Equation 3 is in striking agreement with the experimental results for n=1, as seen in Fig. 4d.

Equation 3 indicates that for small compression \(({\tilde{\mathrm \Delta }} \approx 1)\), \(\ell _1\) is proportional to the strain applied by the piston \((1 - {\tilde{\mathrm \Delta }})\), while for very large compression \(({\tilde{\mathrm \Delta }} \to 0)\), \(\ell _1\) is inversely proportional to \({\tilde{\mathrm \Delta }}\).

A heuristic one-dimensional (1D) model of crumpling, described schematically in the insets to Fig. 4d, provides intuition for the behavior of \(\ell \left( {n = 1,{\tilde{\mathrm \Delta }}} \right)\) in the two limits. For small compression, the sheet can be compacted by creating a circumferential fold along the sheet, which at this stage of the crumpling is roughly cylindrical. This fold serves as a hinge that the cylinder can bend along without the need to create new folds. The sheet can thus compress continuously, creating new hinges when the freedom of travel provided by the existing hinges runs out, as described in inset schematic 1. In this regime \(\ell\) is proportional to the number of hinges created, leading to a linear relation between \(\ell\) and the distance the piston compressed the sheet, i.e., \(\ell \sim (1 - {\tilde{\mathrm \Delta }})\).
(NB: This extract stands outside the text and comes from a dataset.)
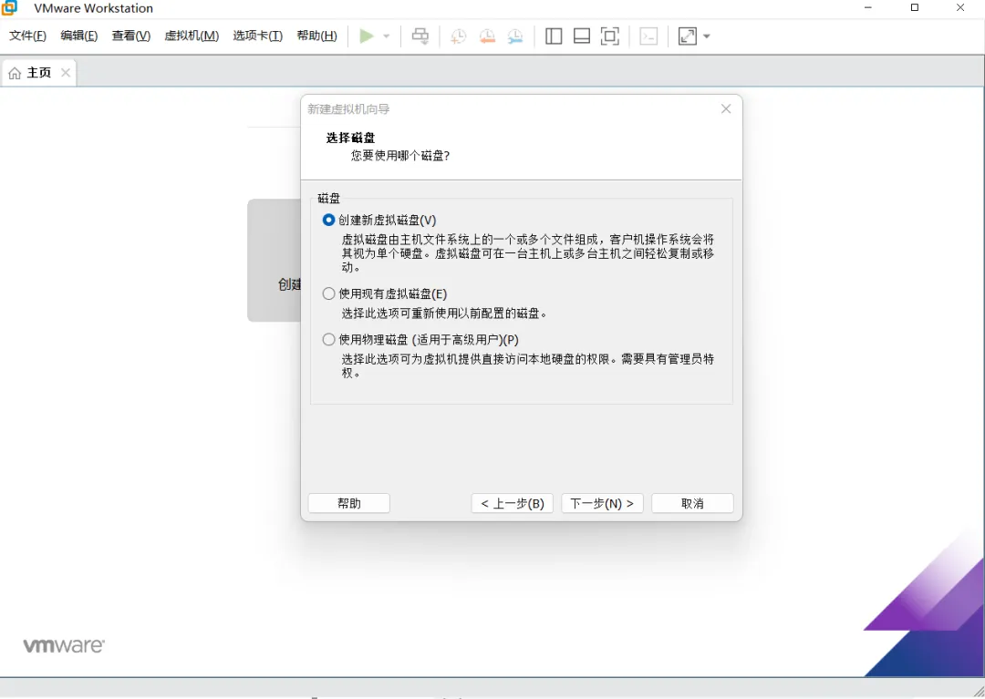 选择磁盘界面,这边属于首次创建,所以选择“创建新虚拟磁盘”,如有其他条件根据要求而定,然后点击“下一步”按钮。

For large compression, the sheet is tightly packed and all facets of the sheet must be broken when compression is increased. This breaking of all facets doubles the total length of creases for every halving of \({\tilde{\mathrm \Delta }}\), leading to the observed scaling of \(\ell \sim {\tilde{\mathrm \Delta }}^{ - 1}\), and represented in inset schematic 2.
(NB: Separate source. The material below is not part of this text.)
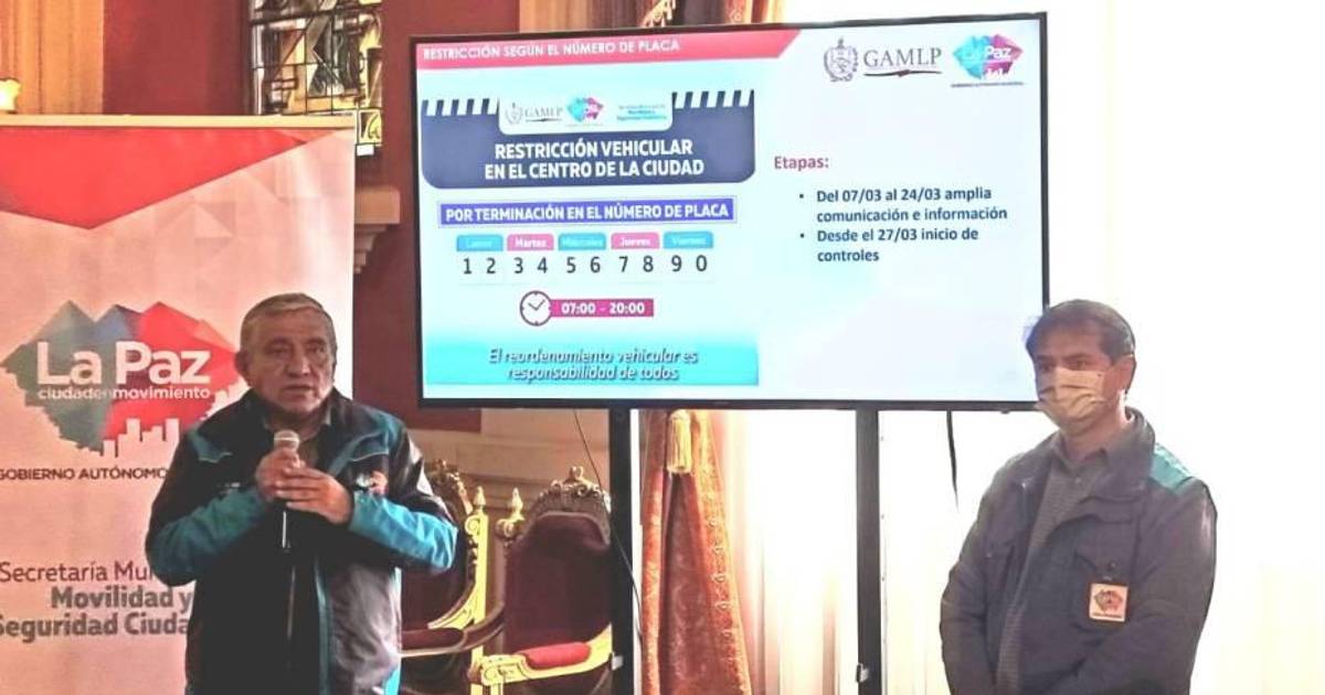 El alcalde de La Paz señaló que la restricción se aplicará de lunes a viernes de 07:00 a 20:00. “Vamos a sacar del parque automotor 27.000 vehículos que no van a circular por día, entre públicos y privados”, señaló el alcalde de La Paz.
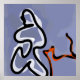 Abstract Print of Seated Figure and Cat with Complementary and Monochromatic Blue Colour Schemes including Black and White

The crumpled state can be thought of as one point in a hyper-dimensional configuration space, where the angle of each individual fold corresponds to a dimension, and the folding dynamics are represented by a trajectory in configuration space. The seemingly unbounded increase of \(\ell\) for large n implies that most of these trajectories lead to a dead-end where the system jams. The sheet cannot smoothly compact by deforming along existing creases; instead, to reach the designated compaction new, energetically expensive creases are created. Because of the complexity of such a configuration space, it is nontrivial that much of this system’s evolution can be captured by a single state equation. In contrast to classical glassy systems, where the dynamics are illustrated as a stroll in a complex energy landscape, our system holds richer dynamics. When our system jams in a local minimum, it supports further confinement by introducing new ridges or valleys, increasing the dimensionality of the system. Furthermore, the energy landscape changes as a result of the interactions between the new and existing folds. It would be meaningful in the future to explore the dynamics of how the energy landscape evolves as folds accumulate. It may also be noteworthy to look for state variables in other systems that evolve under geometric and mechanical constraints. For example, earthquake fault networks evolve via the accumulation and release of tectonic stresses by the formation of new faults or slip along pre-existing faults that are themselves remnants of its seismic history22. More provocatively, we may consider the evolution of functional materials, such as proteins23,24,25, where several recent works suggest that through continuous structural alterations, resulting from cyclic loading, genetic complexity is reduced via evolutionary selection to perform a specific mechanical task.